— Information —
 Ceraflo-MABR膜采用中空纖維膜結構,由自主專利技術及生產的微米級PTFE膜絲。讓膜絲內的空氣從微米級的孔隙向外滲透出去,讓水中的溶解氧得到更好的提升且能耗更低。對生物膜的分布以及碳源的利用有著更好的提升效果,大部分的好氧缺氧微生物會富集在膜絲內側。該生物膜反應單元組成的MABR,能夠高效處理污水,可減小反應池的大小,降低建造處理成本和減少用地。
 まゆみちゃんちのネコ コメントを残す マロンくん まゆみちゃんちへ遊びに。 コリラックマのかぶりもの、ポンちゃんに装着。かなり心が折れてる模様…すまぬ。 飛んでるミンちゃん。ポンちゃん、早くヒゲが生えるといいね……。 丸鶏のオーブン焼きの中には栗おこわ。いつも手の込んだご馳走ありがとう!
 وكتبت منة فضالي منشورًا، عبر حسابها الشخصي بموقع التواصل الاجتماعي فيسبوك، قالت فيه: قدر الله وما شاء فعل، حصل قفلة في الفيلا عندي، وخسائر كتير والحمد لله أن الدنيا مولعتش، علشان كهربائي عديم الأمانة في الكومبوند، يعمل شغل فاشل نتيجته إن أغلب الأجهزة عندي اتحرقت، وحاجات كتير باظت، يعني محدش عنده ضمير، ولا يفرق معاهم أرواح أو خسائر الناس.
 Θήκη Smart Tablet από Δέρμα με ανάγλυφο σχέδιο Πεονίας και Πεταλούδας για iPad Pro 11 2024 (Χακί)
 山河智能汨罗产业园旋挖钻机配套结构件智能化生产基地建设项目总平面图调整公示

---

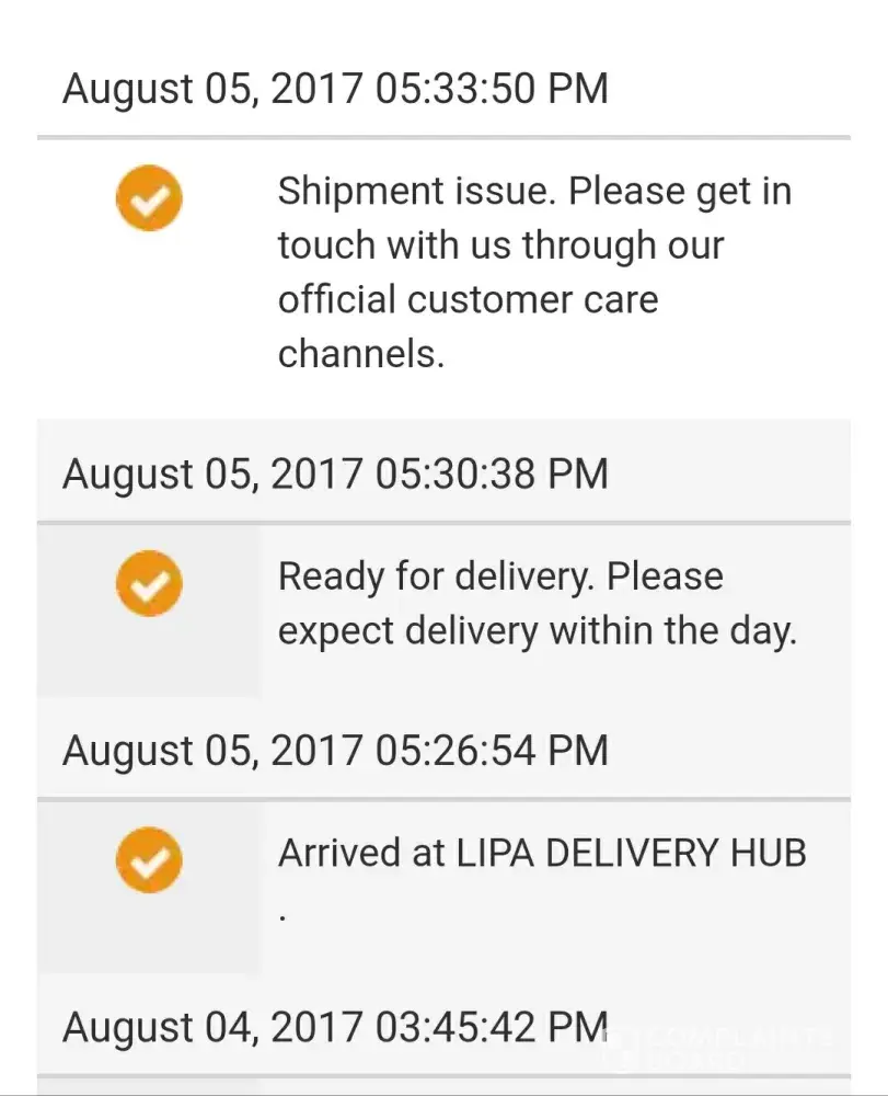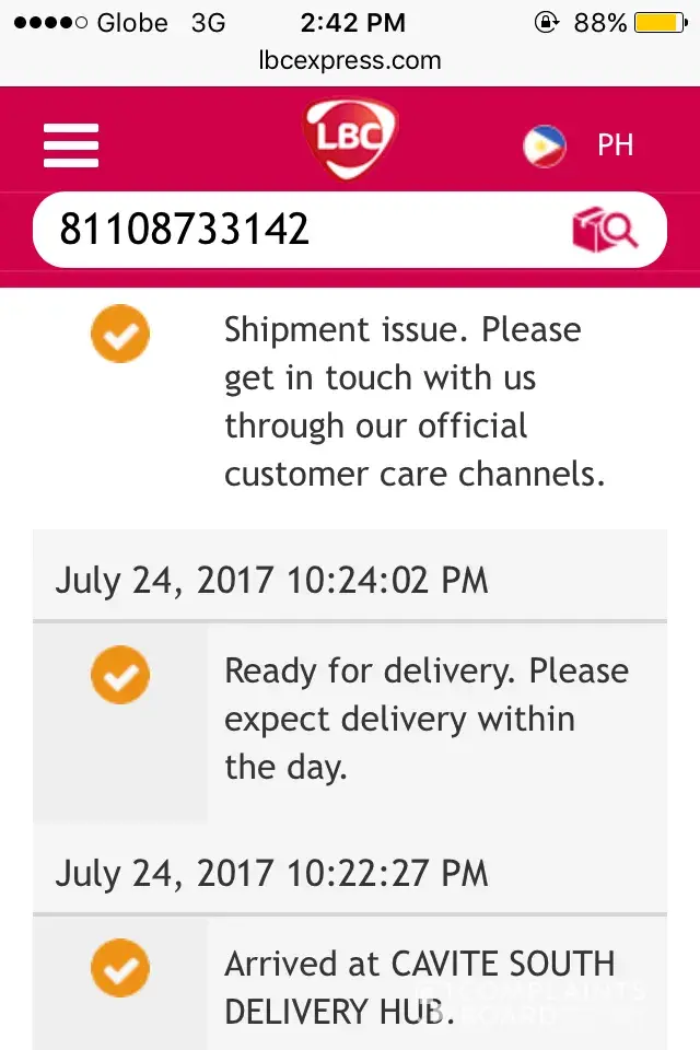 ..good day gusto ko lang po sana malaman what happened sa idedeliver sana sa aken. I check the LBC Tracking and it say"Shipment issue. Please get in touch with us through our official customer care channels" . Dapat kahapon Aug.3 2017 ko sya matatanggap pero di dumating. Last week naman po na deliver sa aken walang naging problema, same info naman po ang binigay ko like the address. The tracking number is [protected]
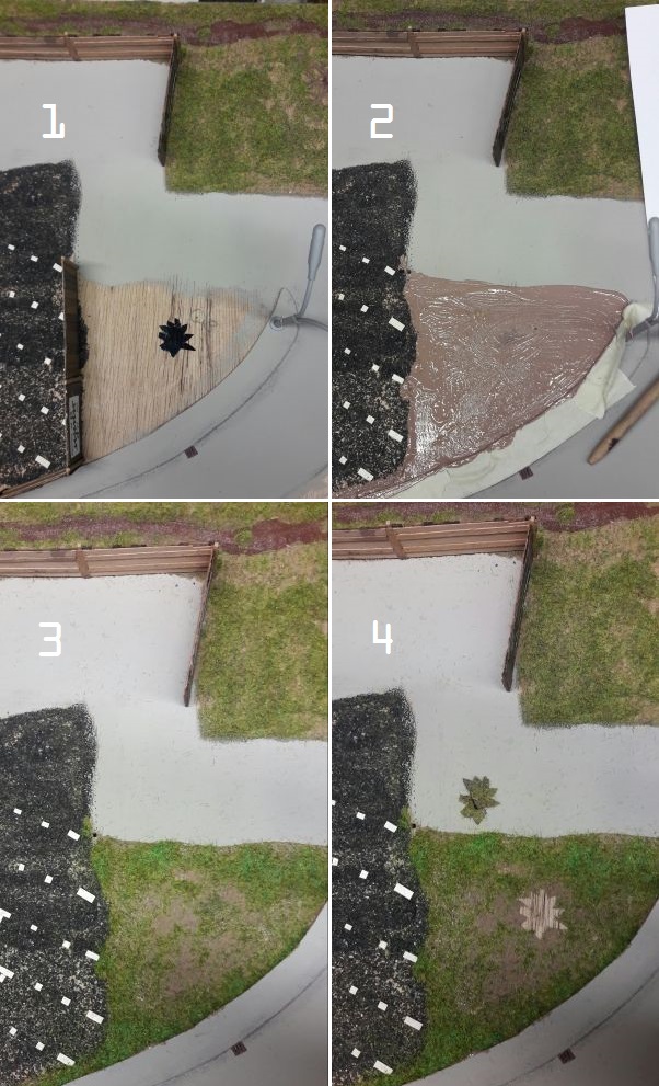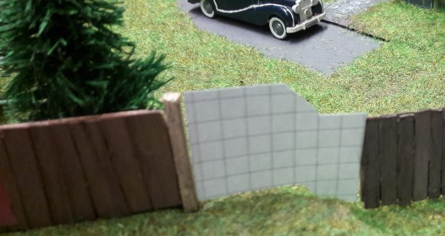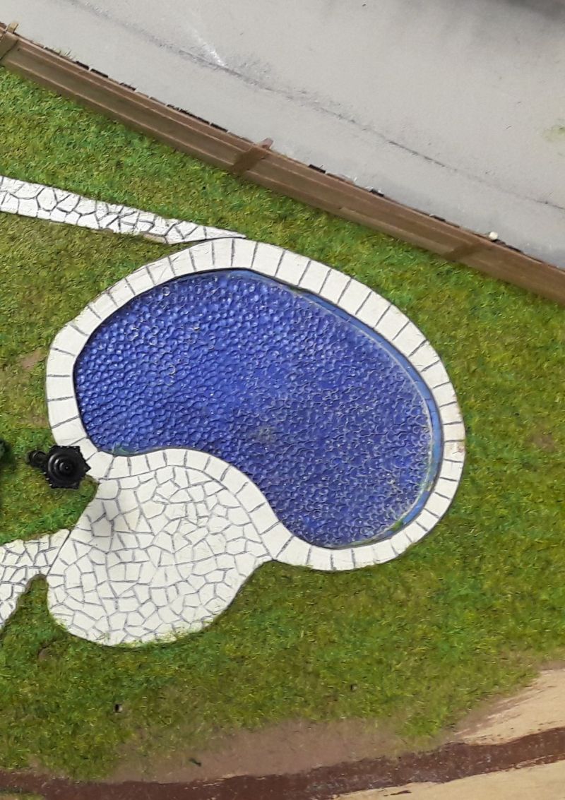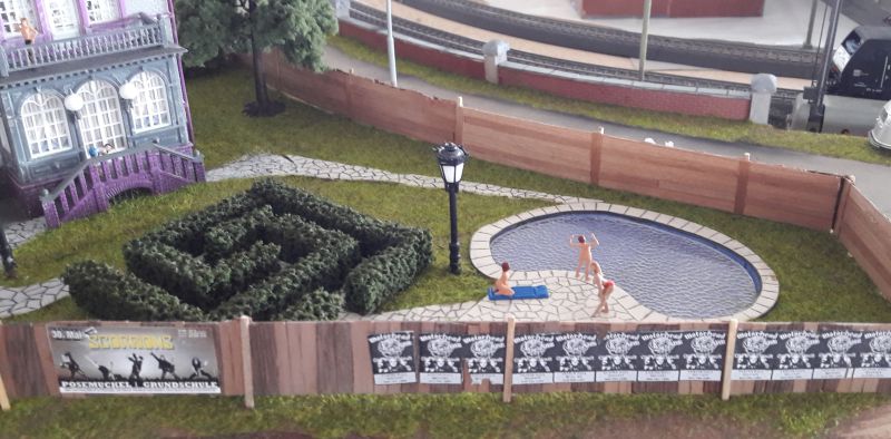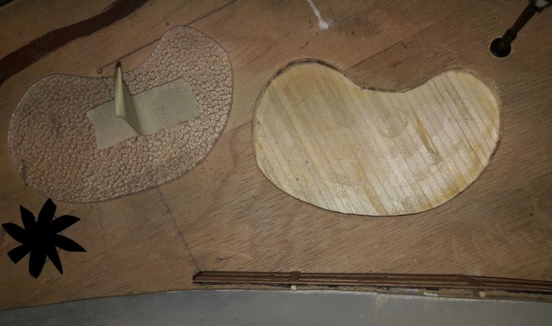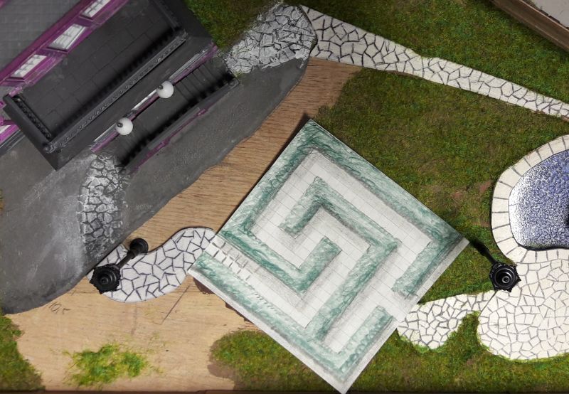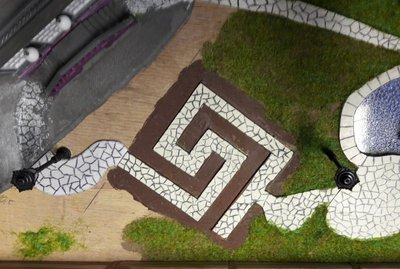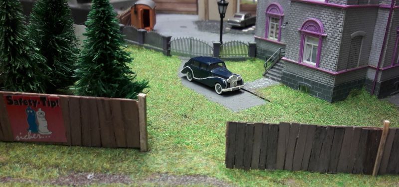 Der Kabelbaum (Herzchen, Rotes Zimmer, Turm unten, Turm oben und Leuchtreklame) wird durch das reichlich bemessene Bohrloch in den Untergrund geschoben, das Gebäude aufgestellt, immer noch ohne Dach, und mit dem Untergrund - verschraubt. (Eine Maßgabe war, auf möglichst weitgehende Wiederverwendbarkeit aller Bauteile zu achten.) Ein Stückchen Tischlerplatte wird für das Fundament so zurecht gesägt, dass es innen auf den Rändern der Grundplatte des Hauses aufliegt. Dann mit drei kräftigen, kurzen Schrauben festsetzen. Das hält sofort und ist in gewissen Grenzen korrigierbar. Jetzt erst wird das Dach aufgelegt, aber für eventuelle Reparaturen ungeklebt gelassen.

— What to do —
Among the entries above, the lines between the ones containing "Ceraflo-MABR膜采" and "まゆみちゃんちのネコ コメントを残す マロンくん", inclusive, are to be transcribed exactly. No other line is to be given.

— Answer for this exercise —
 Ceraflo-MABR膜采用中空纖維膜結構,由自主專利技術及生產的微米級PTFE膜絲。讓膜絲內的空氣從微米級的孔隙向外滲透出去,讓水中的溶解氧得到更好的提升且能耗更低。對生物膜的分布以及碳源的利用有著更好的提升效果,大部分的好氧缺氧微生物會富集在膜絲內側。該生物膜反應單元組成的MABR,能夠高效處理污水,可減小反應池的大小,降低建造處理成本和減少用地。
 まゆみちゃんちのネコ コメントを残す マロンくん まゆみちゃんちへ遊びに。 コリラックマのかぶりもの、ポンちゃんに装着。かなり心が折れてる模様…すまぬ。 飛んでるミンちゃん。ポンちゃん、早くヒゲが生えるといいね……。 丸鶏のオーブン焼きの中には栗おこわ。いつも手の込んだご馳走ありがとう!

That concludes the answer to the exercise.